Toronto prides itself on being a multicultural city, and it revels in its diversity. But Mayor John Tory has championed a policy that is an affront to these basic values.
At issue is Mayor Tory’s motion endorsed by the Toronto Police Services Board in mid-April. It sets out a formal policy that authorizes officers to stop and question anyone whether or not they are suspected of being involved in criminal activity.
It’s a detention by police for 15 or 20 minutes and is known as a psychological arrest.

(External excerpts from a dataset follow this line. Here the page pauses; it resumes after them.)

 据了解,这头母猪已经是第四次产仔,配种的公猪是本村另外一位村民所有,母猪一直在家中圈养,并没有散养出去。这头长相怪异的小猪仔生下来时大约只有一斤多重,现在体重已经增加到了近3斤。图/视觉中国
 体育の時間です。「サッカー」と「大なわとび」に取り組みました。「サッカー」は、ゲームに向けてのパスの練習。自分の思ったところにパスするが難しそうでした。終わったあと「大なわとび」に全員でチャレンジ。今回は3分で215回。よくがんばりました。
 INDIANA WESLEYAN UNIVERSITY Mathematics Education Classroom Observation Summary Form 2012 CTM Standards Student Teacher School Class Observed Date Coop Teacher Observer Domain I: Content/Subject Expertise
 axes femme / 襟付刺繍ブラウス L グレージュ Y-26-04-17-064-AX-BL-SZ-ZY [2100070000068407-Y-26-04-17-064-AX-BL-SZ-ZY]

Toronto police have been stopping and questioning people not suspected of being involved in crime for the last 15 years. The information the police sought included name, address, age, race, hair style, tattoos, clothing style, school attended, parents’ names and whether they were separated, as well as the names of others who were stopped. Since it was written on a card, this came to be known as carding. All the information was entered into the police database. Police have never shown that collecting this data has had a useful impact on reducing crime.
Ten years ago reporters at the Toronto Star asked to see this information (but not the names of those carded).

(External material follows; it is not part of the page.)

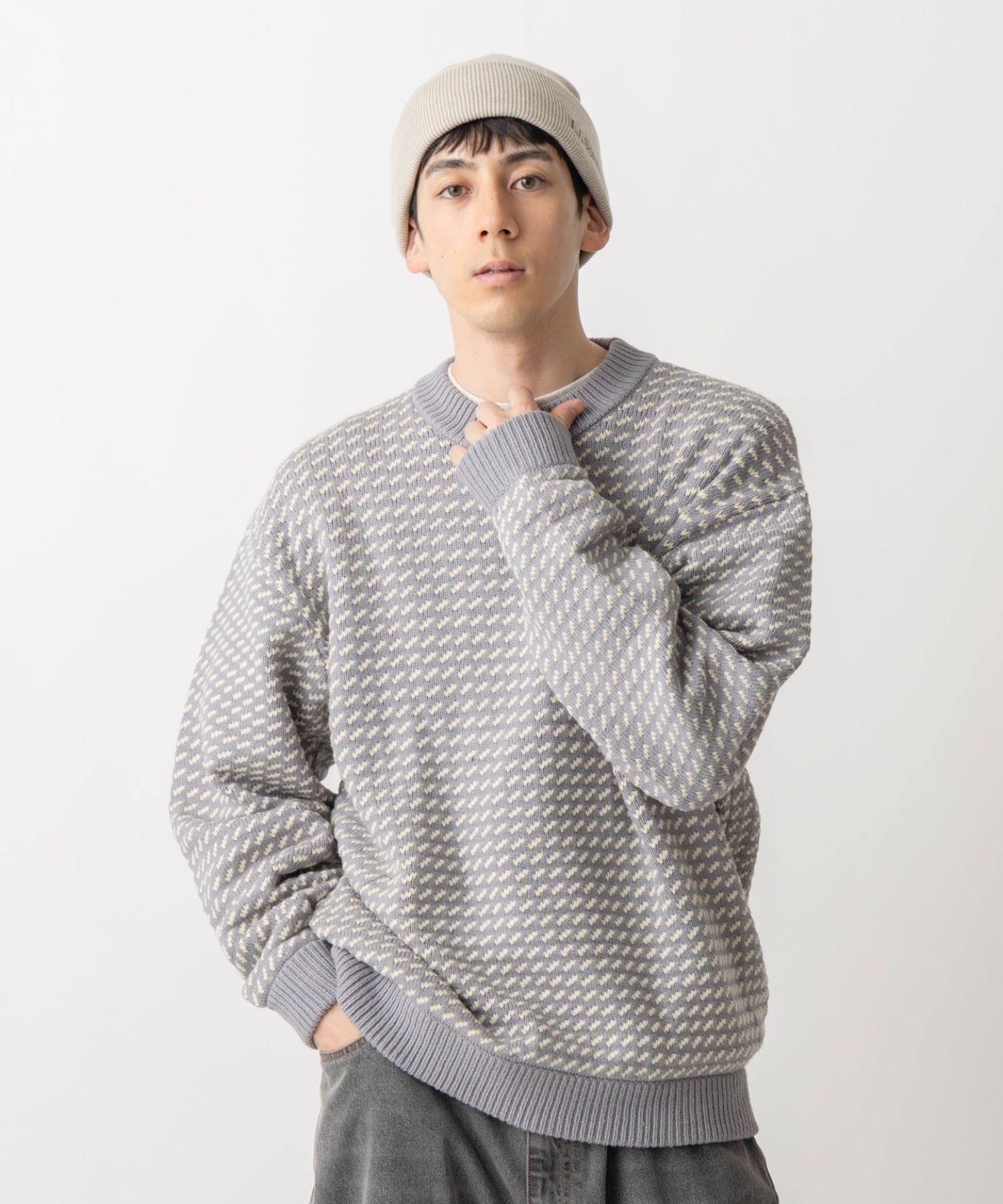L.L.Bean (M)【JAPAN EDITION】ウェイン・セーター・バーズアイ エルエルビーン トップス ニット グレー ネイビー【送料無料】

The Toronto Police Services Board refused, and after a lengthy court battle, the Appeal Court agreed that this was the kind of information the Freedom of Information Act was designed to make public.
The Star analyzed the data and reported in 2010 that police were carding about 300,000 people a year. Black youth were stopped three times as often as white youth. Carding was an activity that racially discriminated against black youth.
Criminologist Scot Wortley, of the University of Toronto, says that if the police were stopping white youth at the same rate as black youth, they would find a higher number of white youth committing crimes. But if white youths were stopped as often as police stopped black youths, there would be an outcry about civil rights.
Desmond Cole recently recounted his experience as a young black man in Toronto being stopped by police. In a searing article in a local magazine, he said that he has been stopped by police more than 50 times. There is ample evidence that those who refuse to answer police questions are sometimes assaulted, arrested and harassed by officers.
Since the Star articles five years ago, many have worked to change this practice.
In 2013, the board retained the criminal lawyer Frank Addario to advise it on how police might stop individuals not suspected of criminal activity in a manner that did not involve racial discrimination, would adhere to the Charter of Rights and Freedoms and would conform to Ontario human rights legislation.
Addario recommended three restrictions on police stops: there had to be a “public safety” reason for the stop; police had to advise that individuals had a right to walk away and not answer questions; and police had to give a receipt to the individual with the officer’s name and badge number and the reason for the stop.
The police services board agreed to these constraints in a policy adopted in April 2014. Carding immediately dropped by almost 90 per cent since officers didn’t relish giving out receipts with their names and badge numbers. But Chief Bill Blair refused to implement the new policy in the police operational manual.
When John Tory was elected mayor in late 2014, he criticized the police board for various things, and once he took his seat on the board, he started to challenge the April 2014 policy.
At a recent board meeting in April of this year, he proposed that carding be called “community engagement” and that police need not have a public safety reason to stop and question those not suspected of criminal activity. Further, police would not be required to tell people of their right to walk away, nor issue a receipt. Tory’s new policy legitimizes and institutionalizes a police practice shown to discriminate on the basis of race and is contrary to the Charter of Rights and Freedoms.
Imagine if John Tory, when running for office last fall, had said he wanted police to discriminate on the basis of race and ignore the charter. He would have been vilified and rightly so. This new policy is reprehensible.